When I was growing up, I was what my mother called a "finicky eater." Around the age of 5 or so, the kinds of vegetables I would eat could be counted on one hand: potatoes, corn, English peas, celery and onions (if they were finely chopped). I recall existing during that time on fried chicken, roast beef and tuna fish sandwiches.

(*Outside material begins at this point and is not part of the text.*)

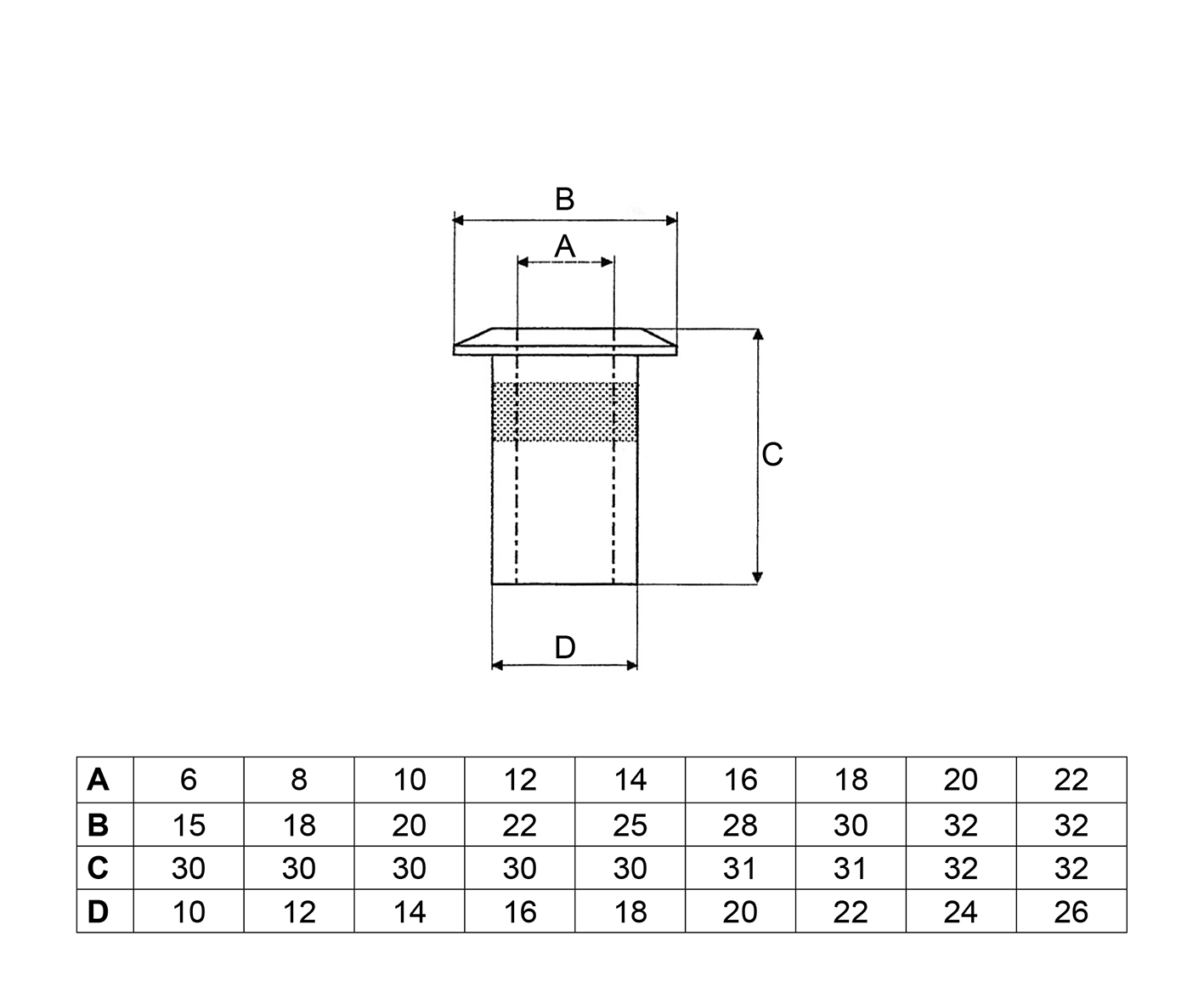 Ø mm. 6, Ø mm. 8, Ø mm. 10, Ø mm. 12, Ø mm. 14, Ø mm. 16, Ø mm. 18, Ø mm. 20, Ø mm. 22

And, oh how I loved my mother's tuna fish.

A tuna sandwich is still my standby, although I'm not nearly so finicky about eating these days.It was with great pleasure that I recently leafed through "The Tuna Fish Gourmet," by Tracy Seaman (Villard Books, $12), amusingly illustrated by New York Times cartoonist Victoria Roberts.

Along with 75 recipes that use canned tuna, ranging from appetizers to hot entrees, Seaman notes tuna's finer qualities, such as: Water-packed tuna contains only 111 calories per 3-ounce serving and is high in protein and rich in the omega 3 oils that some doctors believe may help guard against cholesterol buildup.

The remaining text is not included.